TASK ITEM —
Each line from the one that holds "首先,我們來(lái)看一下" to the end of the entries is to be given again exactly. Do not include pictures.
:: INPUT DATA
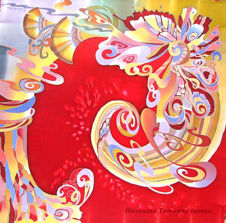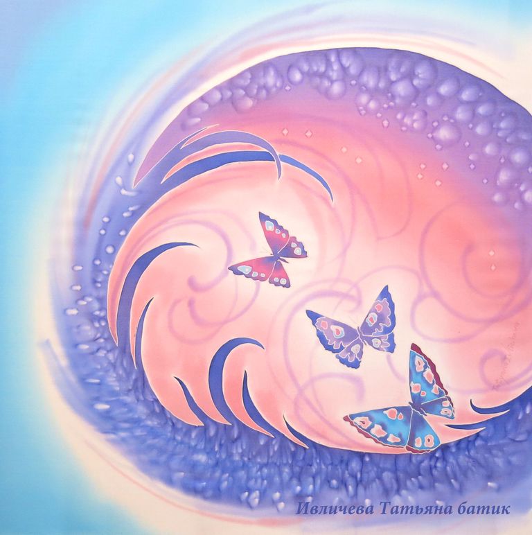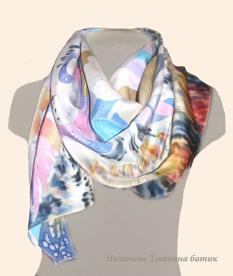 Натуральный шелк (крепдешин) 90-90см, авторская ручная роспись 28000 рублей.
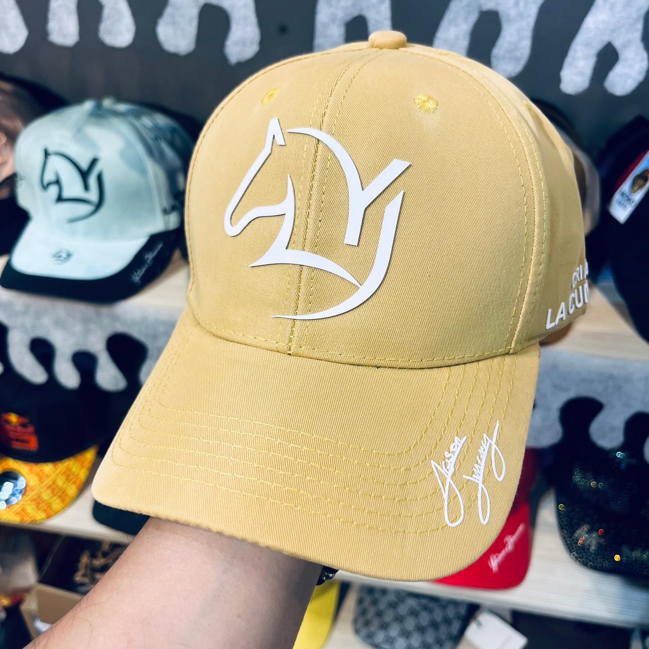 La gorra que se muestra en la imagen es mercancía oficial del "Criadero La Cumbre", el reconocido criadero de caballos de paso fino propiedad del cantante colombiano de música popular Yeison Jiménez. La firma bordada en la visera es la de Yeison Jiménez.
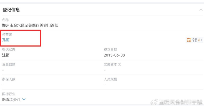 天眼查数据显示,成立于2013年的郑州市金水区至美医疗美容门诊部,经营者为孔丽,目前已注销。
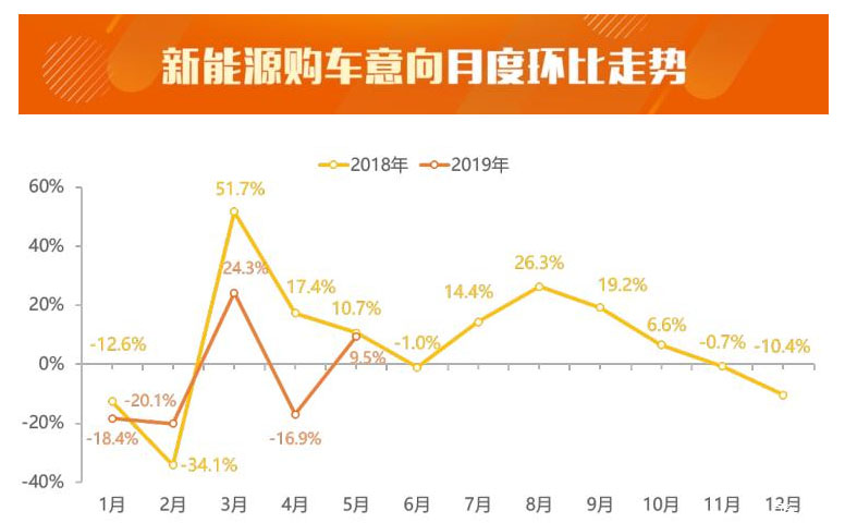 首先,我們來(lái)看一下新能源汽車(chē)整體走勢(shì)如何。5月,新能源車(chē)用戶(hù)購(gòu)車(chē)意向數(shù)量環(huán)比增長(zhǎng)9.5%,相較上月環(huán)比增長(zhǎng)率提高26.4個(gè)百分點(diǎn),用戶(hù)購(gòu)車(chē)意向經(jīng)歷下滑后,開(kāi)始回升。汽車(chē)市場(chǎng)具有明顯的季節(jié)性和周期性,我們將今年的購(gòu)車(chē)意向數(shù)據(jù)與上一年的數(shù)據(jù)對(duì)比來(lái)看,今年5月與上一年同期相比,上漲走勢(shì)有所放緩。去年3至5月環(huán)比均為增長(zhǎng)走勢(shì),但增幅逐月縮窄;今年4月份,受補(bǔ)貼退坡影響,用戶(hù)購(gòu)車(chē)意向環(huán)比大幅下滑,而隨著政策過(guò)渡期的即將結(jié)束及廠商促銷(xiāo)政策的推出,5月份購(gòu)車(chē)熱度開(kāi)始反彈。
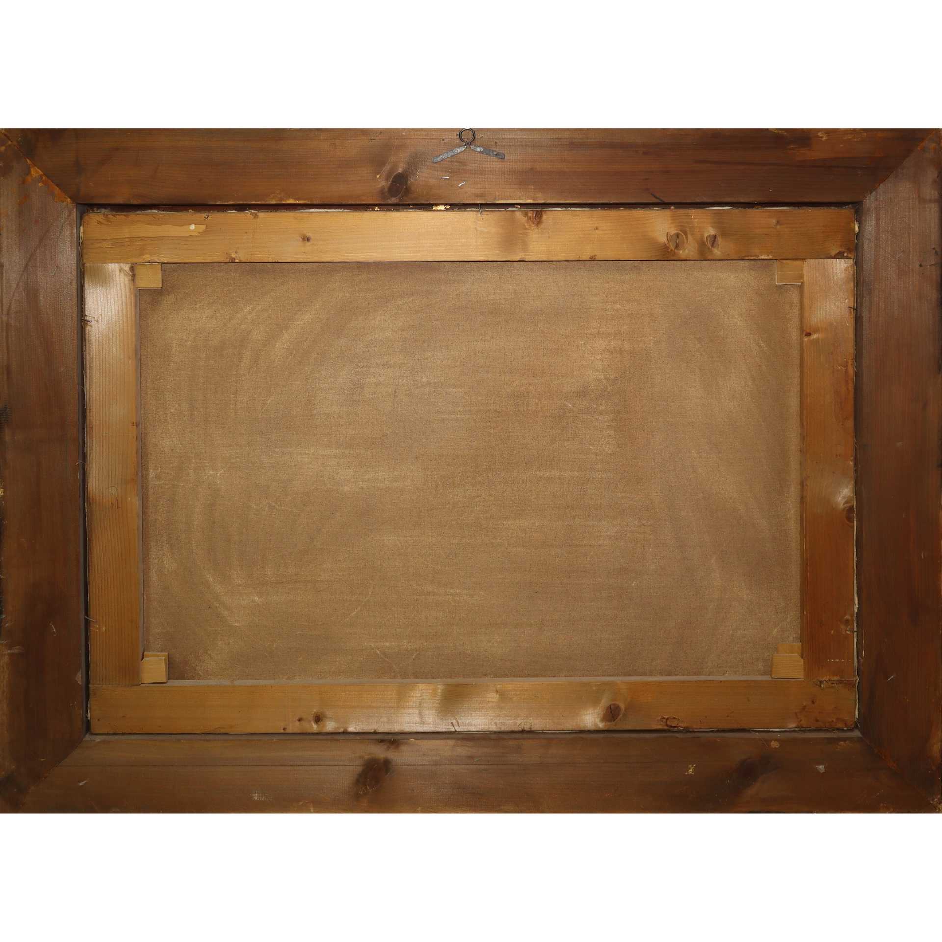 Ida Calzolari (1936) - Natura morta con pesche, anguria, pere, uva, gelsumino e paesaggio sullo sfondo H cm 70x99, in cornice cm 92x121 olio su tela
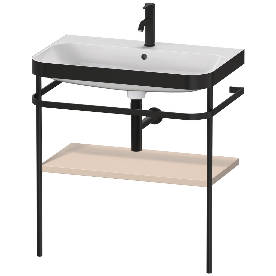 Duravit Möbelwaschtisch-Kombination Happy D.2 Plus 77,5 x 49 cm, 1 Hahnloch, taupe supermatt, mit Metallkonsole
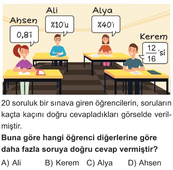 6. Sınıf Bir Çokluğun Yüzdesi ve Yüzde Problemleri Test 6
::::
WRITTEN RESPONSE —
 首先,我們來(lái)看一下新能源汽車(chē)整體走勢(shì)如何。5月,新能源車(chē)用戶(hù)購(gòu)車(chē)意向數(shù)量環(huán)比增長(zhǎng)9.5%,相較上月環(huán)比增長(zhǎng)率提高26.4個(gè)百分點(diǎn),用戶(hù)購(gòu)車(chē)意向經(jīng)歷下滑后,開(kāi)始回升。汽車(chē)市場(chǎng)具有明顯的季節(jié)性和周期性,我們將今年的購(gòu)車(chē)意向數(shù)據(jù)與上一年的數(shù)據(jù)對(duì)比來(lái)看,今年5月與上一年同期相比,上漲走勢(shì)有所放緩。去年3至5月環(huán)比均為增長(zhǎng)走勢(shì),但增幅逐月縮窄;今年4月份,受補(bǔ)貼退坡影響,用戶(hù)購(gòu)車(chē)意向環(huán)比大幅下滑,而隨著政策過(guò)渡期的即將結(jié)束及廠商促銷(xiāo)政策的推出,5月份購(gòu)車(chē)熱度開(kāi)始反彈。
 Ida Calzolari (1936) - Natura morta con pesche, anguria, pere, uva, gelsumino e paesaggio sullo sfondo H cm 70x99, in cornice cm 92x121 olio su tela
 Duravit Möbelwaschtisch-Kombination Happy D.2 Plus 77,5 x 49 cm, 1 Hahnloch, taupe supermatt, mit Metallkonsole
 6. Sınıf Bir Çokluğun Yüzdesi ve Yüzde Problemleri Test 6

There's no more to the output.